Nous avons eu raison dès le début, il n’y a jamais eu de deleveraging, les peuples et les systèmes pseudo-démocratiques ne le supporteraient pas, ils tiennent par le crédit. Et il n’y en aura jamais. Le débat sur la formation généralisée de bulles aux Etats Unis est en train de se développer, d’enfler. C’est bon pour Bernanke et les inflationnistes car cela fait la publicité des hausses en cours. C’est la publicité télévisée où l’on montre le gagnant du Loto, cela ne décourage pas les gogos, cela les attire.

Quelques citations viendront compléter ce tableau:

Forbes la semaine dernière:« La bulle l’économie mondiale devient de plus en plus grosse » que l’on peut traduire plus exactement par : l’économie bullaire mondiale devient de plus en plus bullaire.

Bloomberg:« La Fed s’inquiète de la surchauffe des marchés et des achats records de bonds ». Hommage du vice à la vertu, ne vous en faites pas, c’est le double langage habituel.

Rosengreen, Fed de Boston:« Je ne vois aucun indice de bulle dans aucun marché »
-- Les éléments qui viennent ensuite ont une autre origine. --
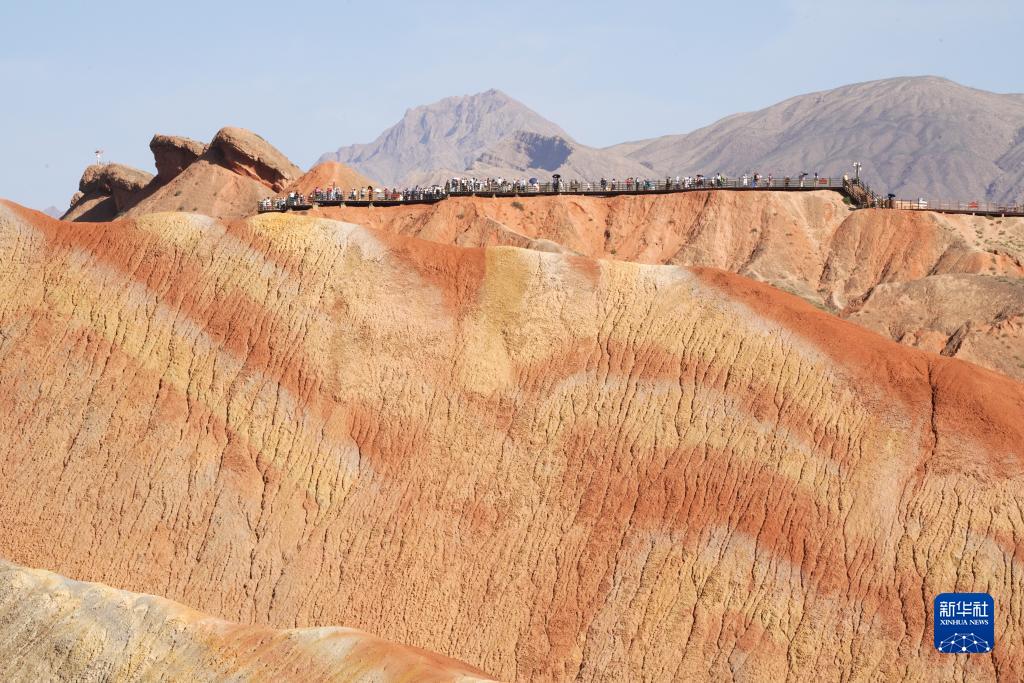 位于甘肅省張掖市境內的張掖七彩丹霞景區屬張掖國家地質(zhì)公園,是罕見(jiàn)的丹霞地貌與彩色丘陵景觀(guān)復合區。進(jìn)入8月以來(lái),七彩丹霞景區日均游客數量突破3.5萬(wàn)人次。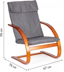 Ljuljačka fotelja ModernHome kombinira moderan dizajn nadahnut kultnim modelima prošlosti, što je čini idealnim komadom namještaja za klasične i moderne interijere. Njezina je konstrukcija izrađena od savijene brezove šperploče, što jamči visoku izdržljivost i ekološku prihvatljivost.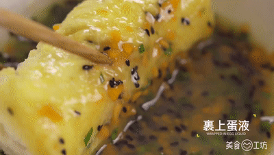 7. 锅中热少许油,将卷好的吐司裹上蛋液,放入锅中小火慢煎3分钟。

Bernanke cette semaine dans le Michigan:« Les bulles d’assets sont très difficiles à anticiper… on peut traiter ces problèmes par les pouvoirs régulateurs et la supervision,… la politique monétaire ne doit venir qu’en dernier lieu, c’est la dernière ligne de défense ».Traduction: ne craignez rien, on fait confiance à la surveillance et à la supervision, on n’interviendra pas s’il y a des bulles, allez-y, spéculez!

Esther George, Fed Kansas City :« Nous ne devons pas nier la possibilité qu’une politique de taux bas puisse créer des incitations qui déboucheront sur les déséquilibres financiers futurs ».

Richard Fisher, Dallas Fed: « Les achats de titres du Trésor et de MBS peuvent créer une bulle dans le marche obligataire ».

Jens Weidman, du conseil de la BCE:« Il est vrai que quand la maison brûle, éteindre le feu est la priorité… mais nous devons aussi être sûrs que les mesures pour combattre l’incendie et les assurances souscrites ne sont pas en train de préparer le terrain pour le prochain incendie ».